START Collected data
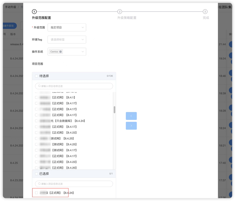 项目升级(选择要升级的版本包,选择要升级的项目,调用各自项目的k8s集群进行sql 执行和替换镜像),也可选择定时升级
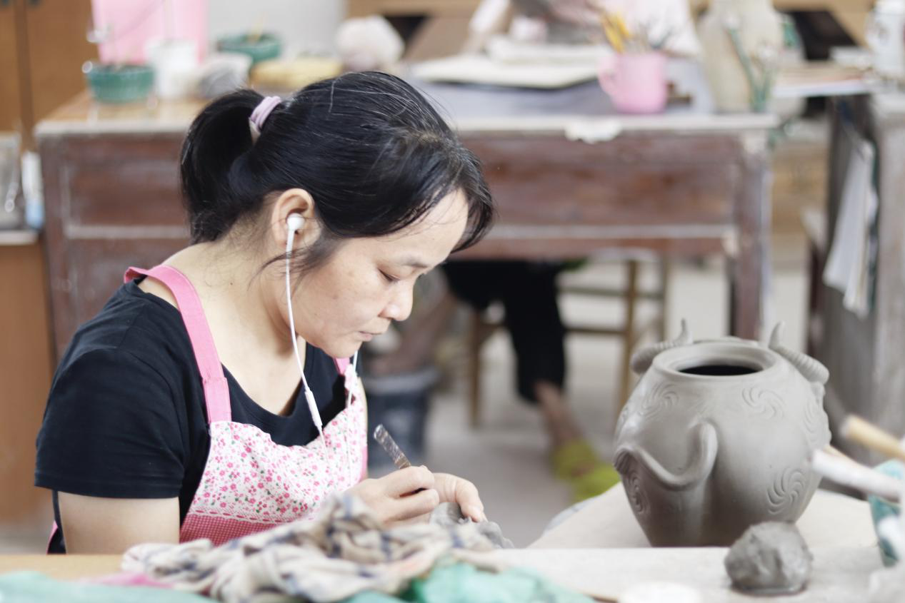 图为刘兆津老师陶艺馆旗下的陶塑手艺人在制作陶塑作品。
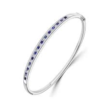 Stunning bangle featuring a royal blue sapphire flanked by pave diamonds.
END Collected data
-- Goal of the exercise --
The required output is every line from the one containing "图为刘兆津老师陶艺馆旗下的陶塑手艺人在制作陶塑作品。" through the last line of the data above, restated exactly and without pictures.

-- Output below --
 图为刘兆津老师陶艺馆旗下的陶塑手艺人在制作陶塑作品。
 Stunning bangle featuring a royal blue sapphire flanked by pave diamonds.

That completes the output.